Rebecca Traister’s new book, All the Single Ladies: Unmarried Women and the Rise of an Independent Nation, opens with an examination of the treatment of Anita Hill by the Senate Judiciary Committee during the hearings on the nomination of Clarence Thomas to the Supreme Court. Rather than refute any of her charges of what came to be known as sexual harassment, the conservatives on the committee and in the media attacked Ms Hill. It was suggested that she suffered from erotomania or had certain “proclivities” (according to William Safire, this word, used by Senator Alan Simpson, was “a code word for homosexuality”).
As Hill would later write of her experience, “Much was made in the press of the fact that I was single, though the relevance of my marital status to the question of sexual harassment was never articulated.”

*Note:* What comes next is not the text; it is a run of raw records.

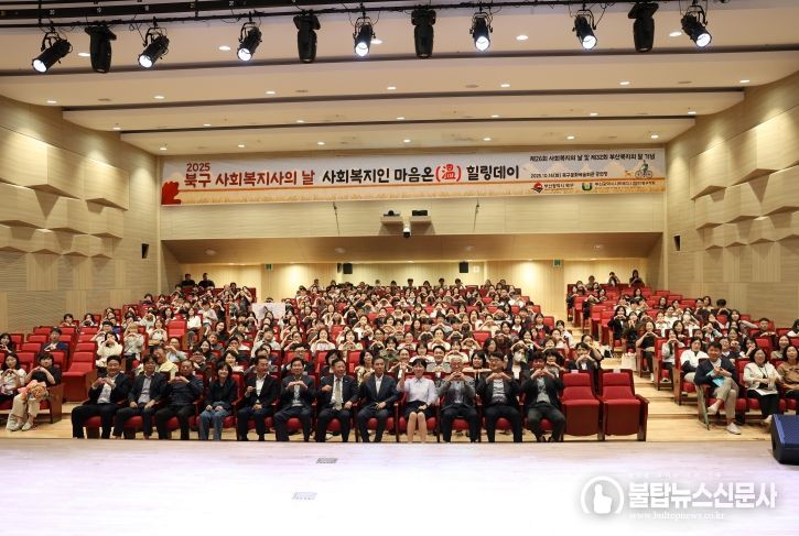 불탑뉴스신문사 송행임 기자 | 부산 북구는 지난 14일 북구문화예술회관에서 지역 내 사회복지종사자 300여 명이 참석한 가운데 ‘2025 북구 사회복지인 마음온(溫) 힐링 행사’를 성황리에 개최했다고 밝혔다.
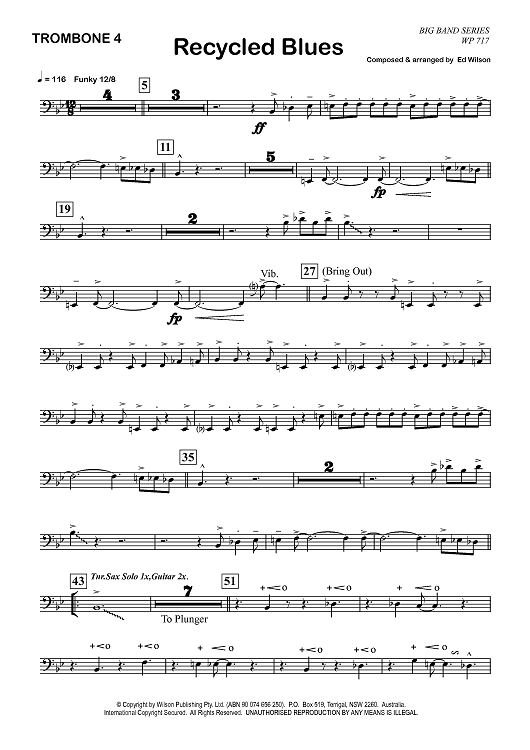 Digital Sheet Music for Recycled Blues - Trombone 4 by Ed Wilson scored for Jazz Ensemble; id:362230
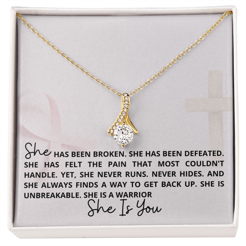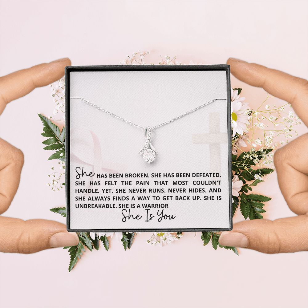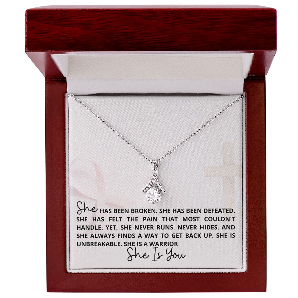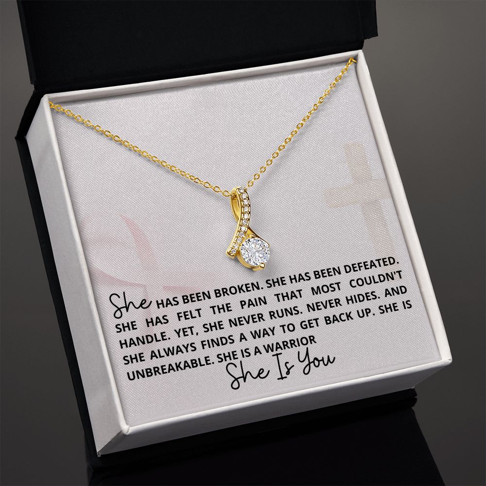 Imagine her reaction when she opens this stunning gift! The Alluring Beauty necklace features a petite ribbon shaped pendant that is sure to dazzle your special someone. Whether it's a birthday or anniversary, make sure to get her a gift she will love for years to come.
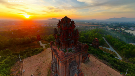(VOV5) - Dưới bình minh, tháp Bạc (tháp Bánh Ít) mang dấu ấn ngàn năm của Vương triều Chăm Pa tại Bình Định hiên ngang, sừng sững trên đỉnh đồi.
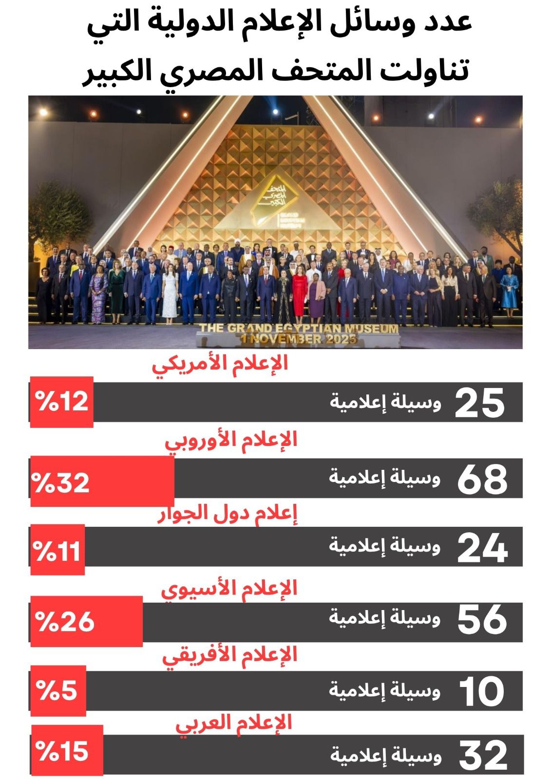 هذه الحقائق أكدها الرصد الإعلامي الذي قامت به قطاعات الهيئة العامة للاستعلامات على مدى اليومين الماضيين، حيث صرح الكاتب الصحفي ضياء رشوان رئيس الهيئة أن متابعة ورصد القنوات التليفزيونية وتطبيقات البث الرقمي على وسائل التواصل، التي قامت بها الهيئة على مدار الساعة طوال اليومين الماضيين قد كشفت أن الأغلبية العظمى من قنوات التليفزيون ووسائل البث الرقمي بالصوت والصورة قد بثت فترات طويلة من حفل افتتاح المتحف المصري الكبير بما في ذلك القنوات الإخبارية والسياسية الرئيسية في العالم، فضلاً عن عشرات من وكالات الأنباء المصورة بكافة اللغات.
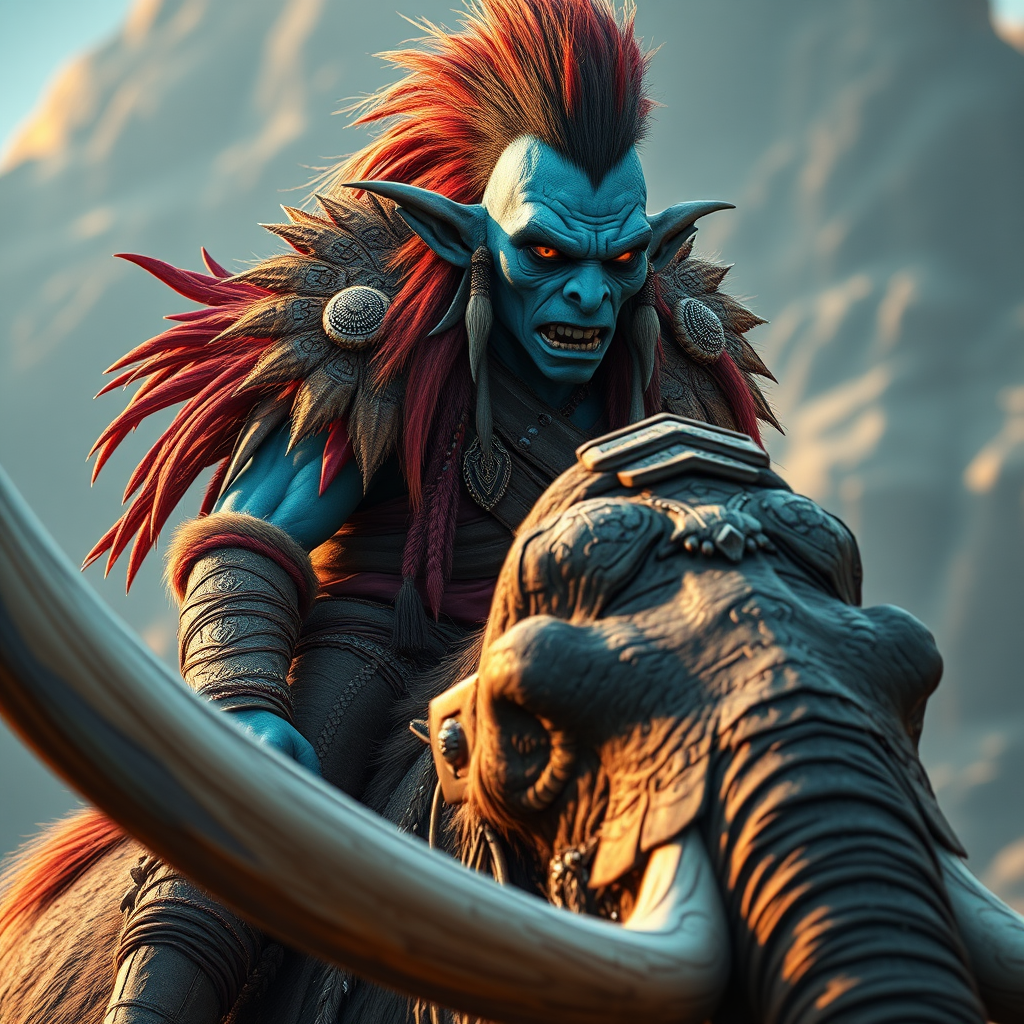 A Full Body photo shot of an azure-skinned native orc warrior, riding atop a magnificent sharp-tusked mammoth, adorned with a captivating visage, vibrant colors, and an air of elegance. This concept art boasts sharp focus, digital artistry, and hyper-realism, with 8K resolution detailing. Utilizing Unreal Engine 5, the image is highly detailed and features dramatic lighting reminiscent of Brom's style, capturing attention on Artstation as a trending piece. The warrior's eyes are hyper-detailed and convey an intense realism, suited for splash art and concept art. Presented in a mid shot with intricate details and rich color depth, the scene is dramatic with a 2/3 face angle. Side lighting casts a colorful background that enhances the overall composition, ensuring high quality without compromising anatomical accuracy or clarity.
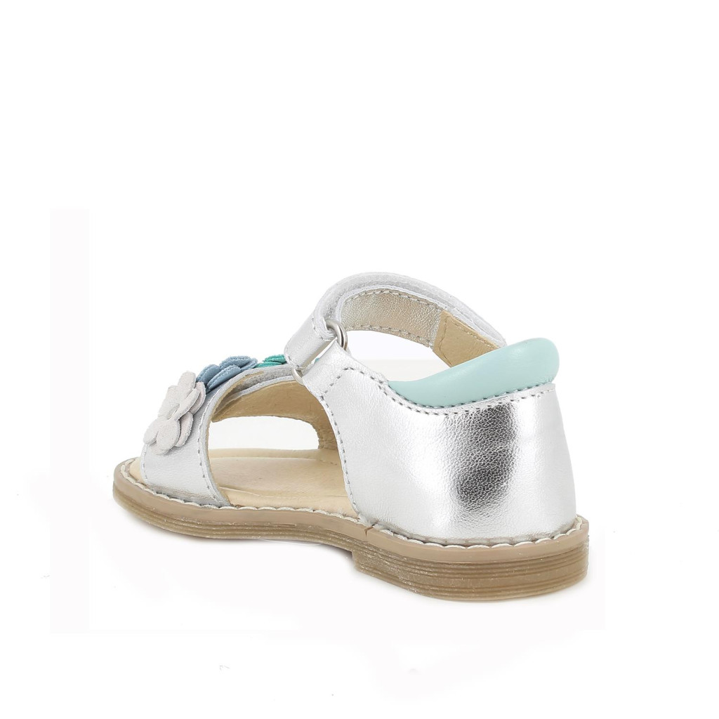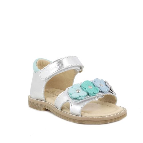 Primigi első lépés kislány szandál ezüst színben, menta színű virágokkal. Dupla tépőzárral van ellátva, a csatok, fűzőlyukak és az összes fémből készült rész nikkelmentes. A sarok zárt, párnázott, hogy maximális támaszt nyújtson a bokának. Felső része laminált valódi bőr, a bélés, a talpbetét krómmentes valódi bőrből készült. Elsősorban normál/széles lábfejhez ajánlott.
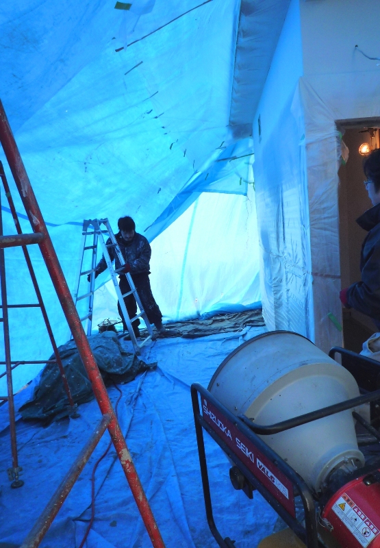 ガッツリ養生+ジェットバーナー×2台で 気合の常春状態に。
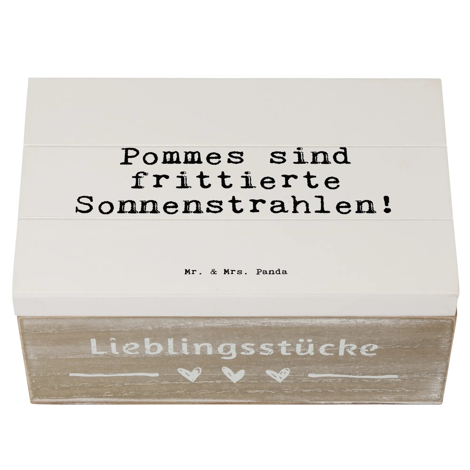 Die wunderschöne Holzkiste "Pommes sind frittierte Sonnenstrahlen!" von Mr. & Mrs. Panda ist das ideale Geschenk für alle, die Humor und Freude am Essen lieben. Diese praktische Schatzkiste bietet nicht nur einen stilvollen Aufbewahrungsort für Deine liebsten Erinnerungen, sondern bringt auch ein Lächeln auf die Gesichter der Beschenkten.
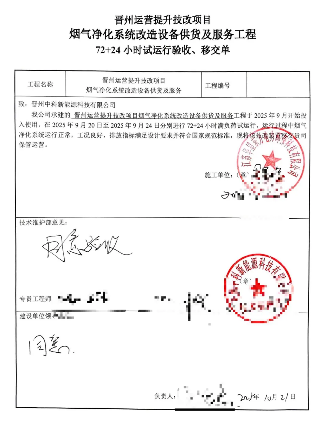 我公司承建的河北省石家莊市晉州市生活垃圾焚燒發(fā)電提升技改項(xiàng)目煙氣凈化工程于2025年09月24日通過72+24小時試運(yùn)行。 The FGC system constructed by our company for the upgrading of Municipal Solid Waste Incineration Power Plant in Jinzhou, Shijiazhuang, Hebei Province has successfully passed the 72-hour + 24-hour trial operation since 24th. Sep 2025.
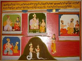 | Description / विवरण | Miniature painting based on Kashi khand depicting Sangnaya thinking about her marriage life at the middle lower part. His father is shown talking to another sage at upper left part. To the right of Sangnaya, Trilok is depicted at the upper middle part, Indra lok is shown sitting. At the extreme right, Bhulok is depicted with a man talking to his son and at lower middle part, Nag lok is depicted. |
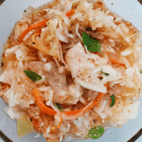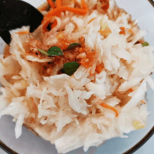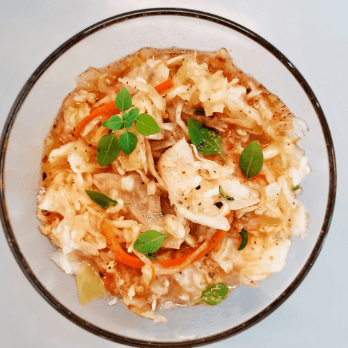 Салат из квашеной капусты с пряными специями и базиликом — это настоящее гастрономическое приключение. Вдохновленный традициями ферментации, он объединяет кисловатую свежесть капусты с насыщенными ароматами восточных специй и нежной зеленью базилика. Оливковое масло, чеснок и сумах придают блюду пикантность, а орегано и смесь перцев раскрывают его глубину вкуса. Этот салат идеально дополнит мясные и овощные блюда, оживляя стол своей яркостью и интенсивностью. Легкий, но с характером, он хорош и сам по себе — прекрасный выбор для любителей насыщенных вкусовых сочетаний. Прекрасно подходит как закуска или гарнир, особенно в сочетании с традиционным хлебом или легкими блюдами средиземноморской кухни.
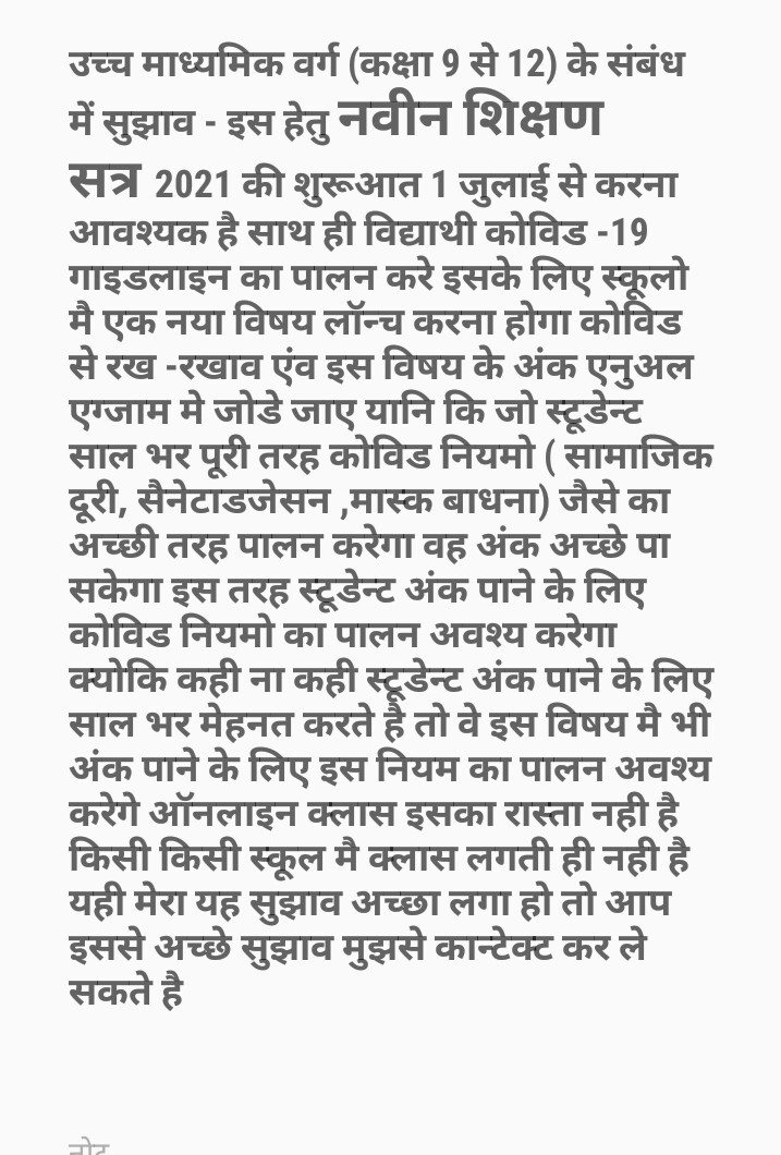 उच्च माध्यमिक वर्ग (कक्षा 9 से 12) के संबंध में सुझाव - इस हेतु नवीन शिक्षण सत्र 2021 की शुरूआत 1 जुलाई से करना आवश्यक है साथ ही विद्याथी कोविड -19 गाइडलाइन का पालन करे इसके लिए स्कूलो मै एक नया विषय लॉन्च करना होगा कोविड से रख -रखाव एंव इस विषय के अंक एनुअल एग्जाम मे जोडे जाए यानि कि जो स्टूडेन्ट साल भर पूरी तरह कोविड नियमो ( सामाजिक दूरी, सैनेटाडजेसन ,मास्क बाधना) जैसे का अच्छी तरह पालन करेगा वह अंक अच्छे पा सकेगा इस तरह स्टूडेन्ट अंक पाने के लिए कोविड नियमो का पालन अवश्य करेगा क्योकि कही ना क
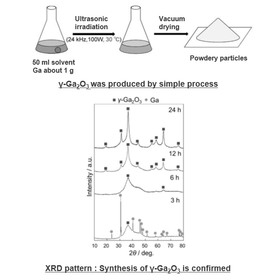 γ-Gallium oxide (γ-Ga2O3) is one of the metastable structures of gallium oxide and has excellent catalytic properties. However, it was difficult to be synthesized. In the conventional method for producing γ-Ga2O3, gallium nitrate hydrate was dissolved in distilled water with urea and baked at 500ºC. However, this method required a facility for high-temperature treatment and had a problem of increasing production costs such as equipment costs. The present invention makes it possible to provide a method for producing gallium oxide at a low temperature and a simple process, thereby reducing production costs. It is characterized in that a raw material solution containing liquid gallium and a reducing agent is irradiated with ultrasonic waves. Thus, particles of gallium can be refined, and particles having crystals of γ-Ga2O3 can be formed on the surface thereof. As a result, the baking process and the complicated separation and cleaning process are not required, the manufacturing cost is reduced, and γ-Ga2O3 can be produced by a simple process at a low temperature.

The relevance of her single status was how it distinguished her from established expectations of femininity. Hill had no husband to vouch for her virtue, no children to affirm her worth, as women’s worth had been historically understood. Her singleness, Hill felt at the time, allowed her detractors to place her “as far outside the norms of proper behavior as they could.” Members of the Judiciary, she wrote, “could not understand why I was not attached to certain institutions, notably marriage,” and were thus left to surmise that she was single “because I was unmarriageable or opposed to marriage, the fantasizing spinster or the man-hater.”
It turns out that her marital status did not, in fact, place her “outside the norms of proper behavior.” Rather, it placed her right smack dab in the middle of what was becoming a national movement away from marriage as the mark of adulthood for American women.